• WHAT IS EXPECTED: Quote word for word the lines below, beginning with the first and ending with the one that has "3月23日晚,我院团委学生会". Drop the pictures.

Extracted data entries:

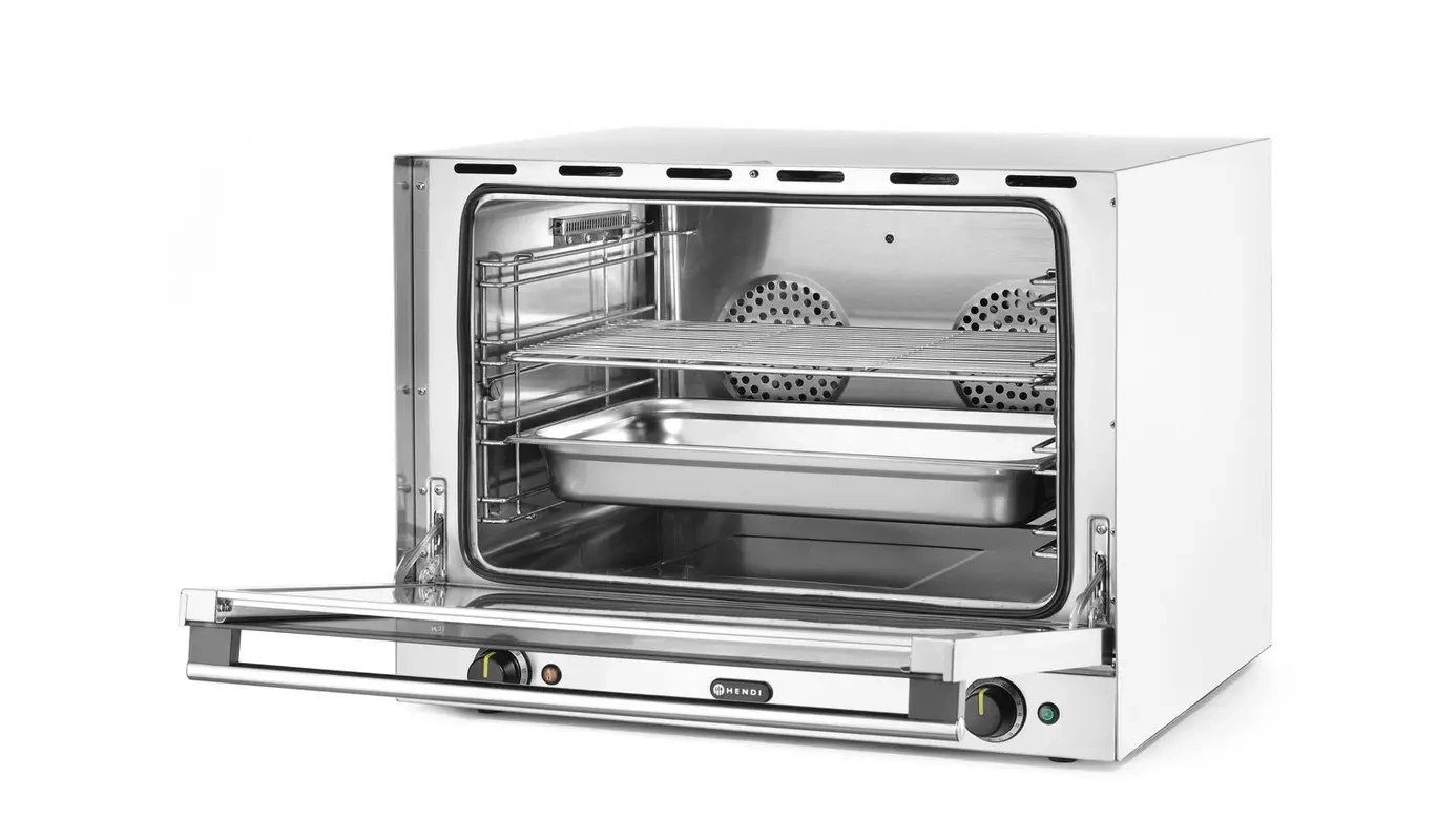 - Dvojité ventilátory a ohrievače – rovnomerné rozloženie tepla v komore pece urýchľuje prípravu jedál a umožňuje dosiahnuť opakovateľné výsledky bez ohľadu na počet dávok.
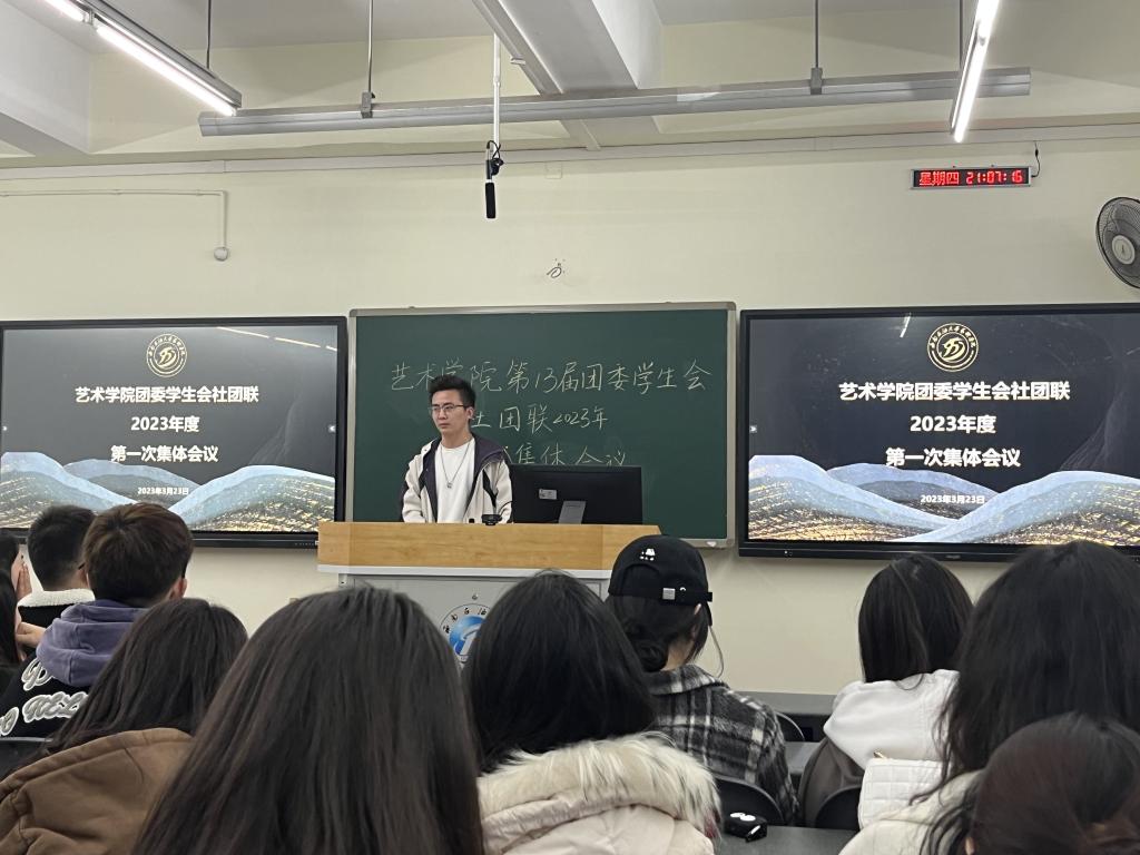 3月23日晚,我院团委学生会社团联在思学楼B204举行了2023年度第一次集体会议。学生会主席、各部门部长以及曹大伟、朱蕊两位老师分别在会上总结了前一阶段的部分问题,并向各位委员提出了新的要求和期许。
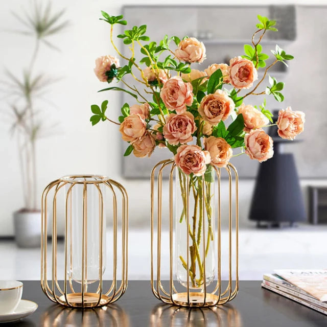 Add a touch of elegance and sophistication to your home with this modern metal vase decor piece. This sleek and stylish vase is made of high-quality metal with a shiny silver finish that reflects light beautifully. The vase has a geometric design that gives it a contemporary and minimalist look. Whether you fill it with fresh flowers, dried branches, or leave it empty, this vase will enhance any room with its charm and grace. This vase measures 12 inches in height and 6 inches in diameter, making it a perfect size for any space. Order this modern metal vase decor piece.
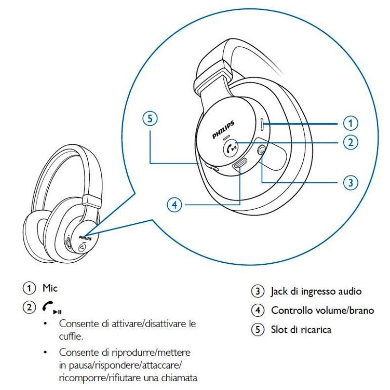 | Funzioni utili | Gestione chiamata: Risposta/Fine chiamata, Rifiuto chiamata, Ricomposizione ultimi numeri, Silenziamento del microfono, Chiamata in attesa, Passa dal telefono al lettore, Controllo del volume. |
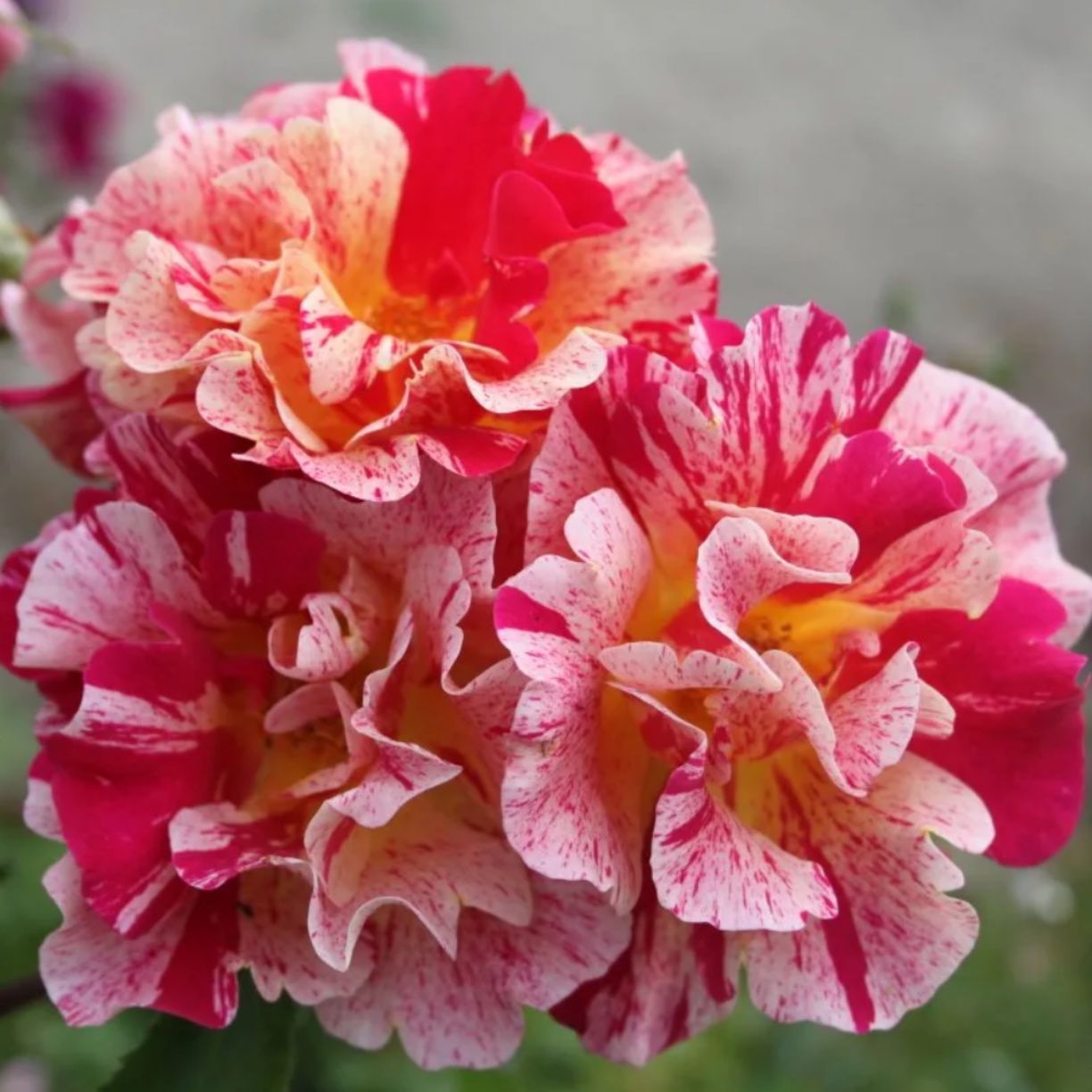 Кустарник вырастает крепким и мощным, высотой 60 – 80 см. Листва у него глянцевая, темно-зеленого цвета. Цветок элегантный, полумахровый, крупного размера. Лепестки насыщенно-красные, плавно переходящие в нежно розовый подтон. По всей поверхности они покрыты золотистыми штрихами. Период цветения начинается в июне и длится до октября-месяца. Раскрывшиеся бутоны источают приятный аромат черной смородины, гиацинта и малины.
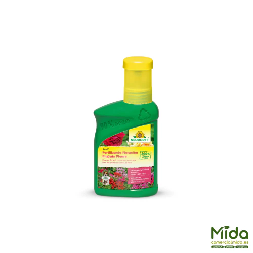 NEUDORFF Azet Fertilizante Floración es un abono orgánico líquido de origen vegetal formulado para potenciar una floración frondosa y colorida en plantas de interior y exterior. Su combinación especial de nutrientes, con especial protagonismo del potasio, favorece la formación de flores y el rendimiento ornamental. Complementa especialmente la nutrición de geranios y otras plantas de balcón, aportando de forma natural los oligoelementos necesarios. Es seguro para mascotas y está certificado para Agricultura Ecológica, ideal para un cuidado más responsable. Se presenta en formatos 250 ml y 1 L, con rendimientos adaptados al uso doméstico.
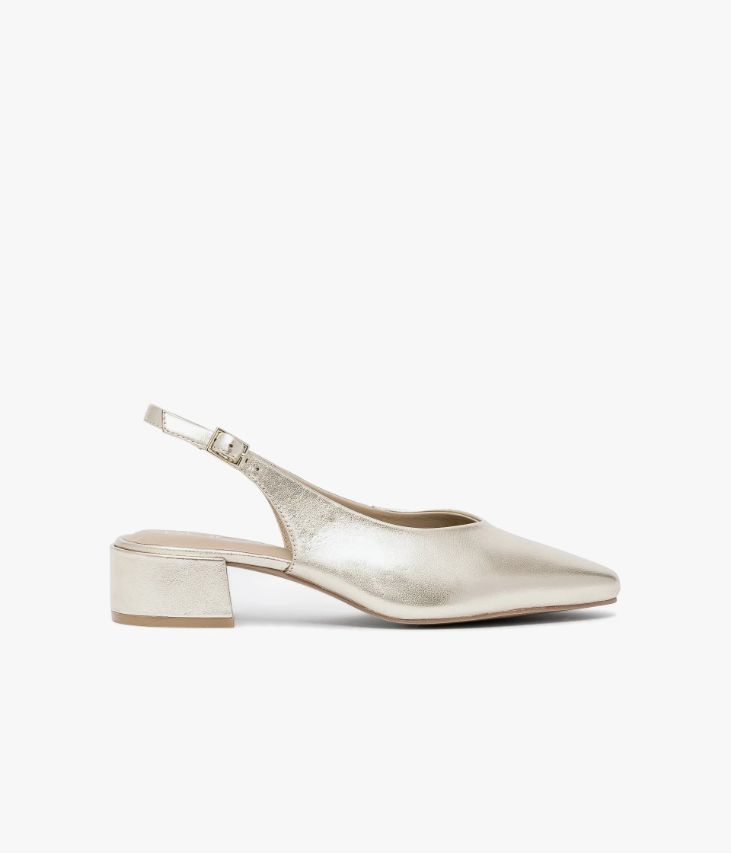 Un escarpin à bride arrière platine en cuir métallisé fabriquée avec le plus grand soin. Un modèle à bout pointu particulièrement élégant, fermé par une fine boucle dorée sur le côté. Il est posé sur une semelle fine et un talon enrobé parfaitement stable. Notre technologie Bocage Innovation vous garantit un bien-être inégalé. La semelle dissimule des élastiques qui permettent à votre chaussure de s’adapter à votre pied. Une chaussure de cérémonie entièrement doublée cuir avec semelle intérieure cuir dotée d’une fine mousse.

• EXPECTED ANSWER:
 - Dvojité ventilátory a ohrievače – rovnomerné rozloženie tepla v komore pece urýchľuje prípravu jedál a umožňuje dosiahnuť opakovateľné výsledky bez ohľadu na počet dávok.
 3月23日晚,我院团委学生会社团联在思学楼B204举行了2023年度第一次集体会议。学生会主席、各部门部长以及曹大伟、朱蕊两位老师分别在会上总结了前一阶段的部分问题,并向各位委员提出了新的要求和期许。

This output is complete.